--- SOURCE MATERIAL ---
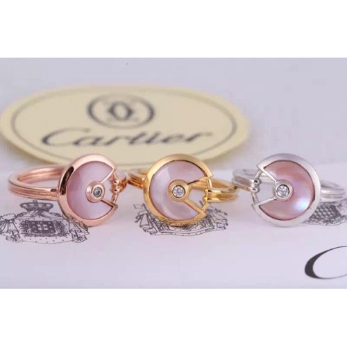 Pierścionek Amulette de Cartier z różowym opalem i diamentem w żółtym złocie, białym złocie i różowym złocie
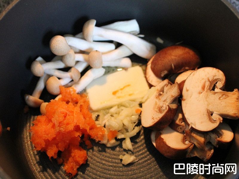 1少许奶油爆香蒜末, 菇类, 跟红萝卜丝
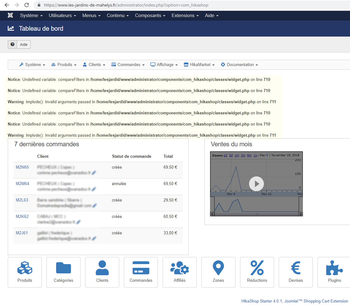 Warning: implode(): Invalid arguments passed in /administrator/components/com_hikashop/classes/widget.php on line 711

...

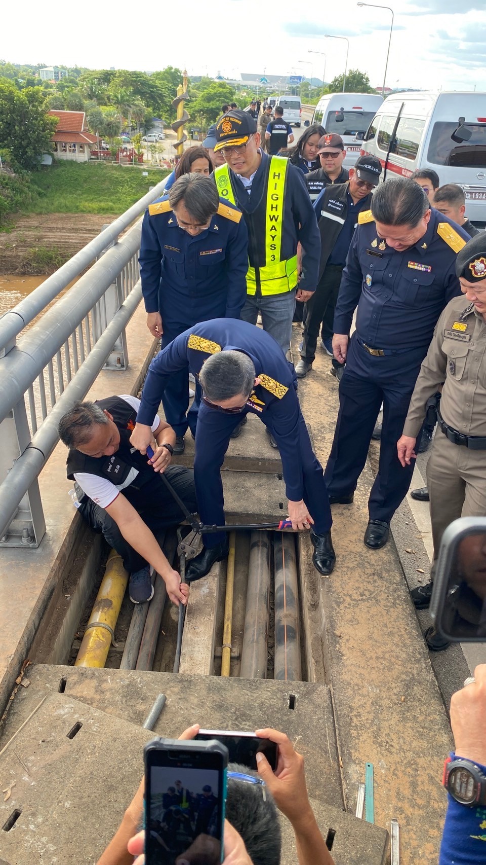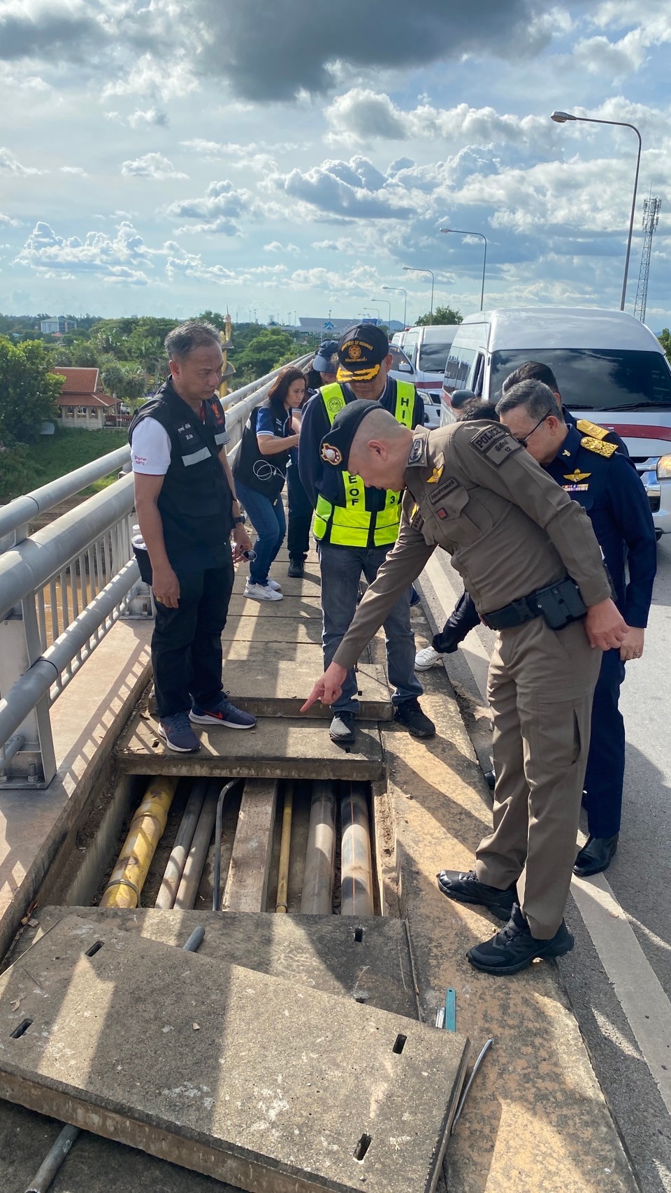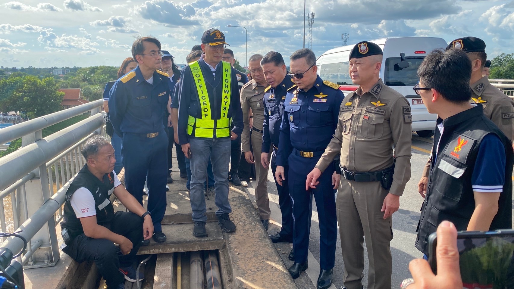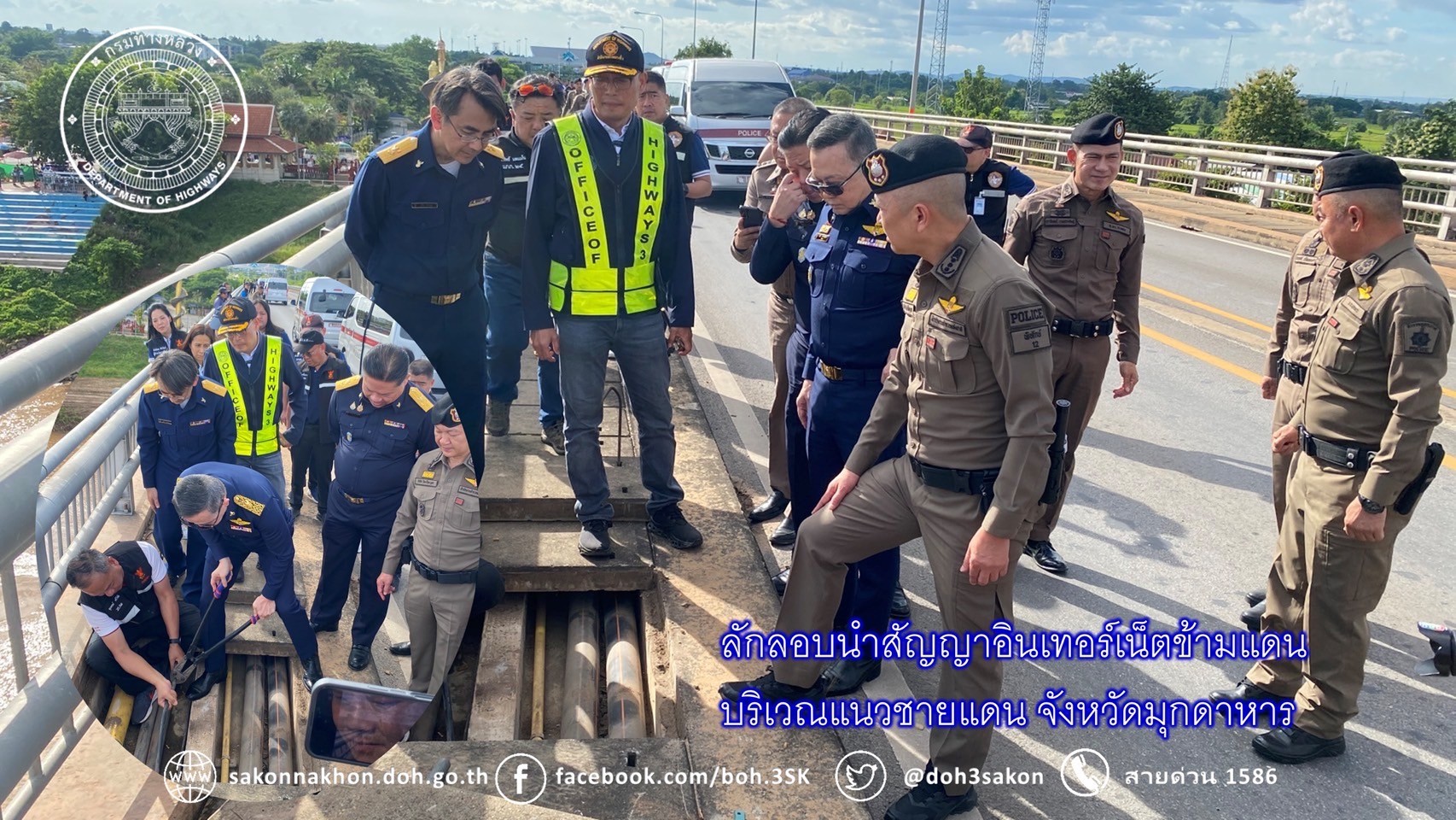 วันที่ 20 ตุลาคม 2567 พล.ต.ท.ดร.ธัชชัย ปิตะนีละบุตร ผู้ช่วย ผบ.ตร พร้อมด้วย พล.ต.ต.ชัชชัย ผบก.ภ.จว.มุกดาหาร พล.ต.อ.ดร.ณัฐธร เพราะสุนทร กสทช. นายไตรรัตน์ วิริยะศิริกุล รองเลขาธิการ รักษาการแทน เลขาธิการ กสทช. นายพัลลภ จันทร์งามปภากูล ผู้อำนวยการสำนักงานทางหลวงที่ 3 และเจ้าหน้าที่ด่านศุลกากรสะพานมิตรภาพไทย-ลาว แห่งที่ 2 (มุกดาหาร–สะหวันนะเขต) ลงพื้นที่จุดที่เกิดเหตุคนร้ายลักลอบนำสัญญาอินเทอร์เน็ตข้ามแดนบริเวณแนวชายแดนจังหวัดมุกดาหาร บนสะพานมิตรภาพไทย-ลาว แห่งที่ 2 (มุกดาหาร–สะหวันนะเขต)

--

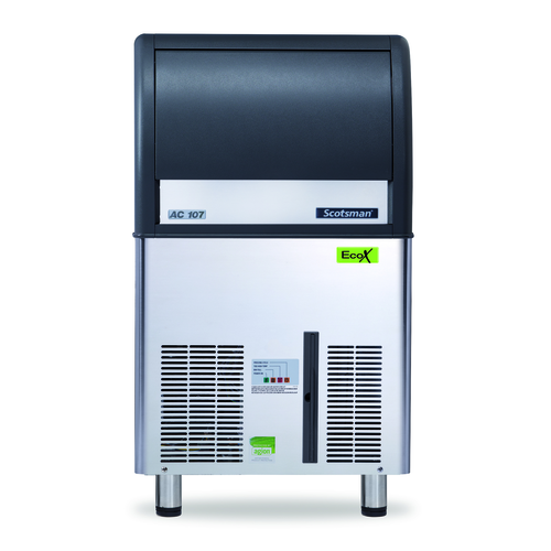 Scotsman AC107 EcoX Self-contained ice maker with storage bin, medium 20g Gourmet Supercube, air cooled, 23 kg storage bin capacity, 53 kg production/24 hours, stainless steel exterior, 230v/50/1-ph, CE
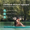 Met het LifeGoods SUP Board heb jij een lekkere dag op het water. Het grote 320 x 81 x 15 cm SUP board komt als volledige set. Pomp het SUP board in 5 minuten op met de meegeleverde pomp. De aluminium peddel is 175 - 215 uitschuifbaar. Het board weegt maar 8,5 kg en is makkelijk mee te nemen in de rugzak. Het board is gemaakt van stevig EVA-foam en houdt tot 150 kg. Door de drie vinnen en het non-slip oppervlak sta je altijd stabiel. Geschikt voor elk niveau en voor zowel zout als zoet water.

--- ABOUT THIS EXERCISE ---
Copy exactly the lines of the listing above between the one holding "Scotsman AC107 EcoX" and the one holding "Met het LifeGoods", inclusive; omit all pictures.

--- YOUR SOLUTION ---
 Scotsman AC107 EcoX Self-contained ice maker with storage bin, medium 20g Gourmet Supercube, air cooled, 23 kg storage bin capacity, 53 kg production/24 hours, stainless steel exterior, 230v/50/1-ph, CE
 Met het LifeGoods SUP Board heb jij een lekkere dag op het water. Het grote 320 x 81 x 15 cm SUP board komt als volledige set. Pomp het SUP board in 5 minuten op met de meegeleverde pomp. De aluminium peddel is 175 - 215 uitschuifbaar. Het board weegt maar 8,5 kg en is makkelijk mee te nemen in de rugzak. Het board is gemaakt van stevig EVA-foam en houdt tot 150 kg. Door de drie vinnen en het non-slip oppervlak sta je altijd stabiel. Geschikt voor elk niveau en voor zowel zout als zoet water.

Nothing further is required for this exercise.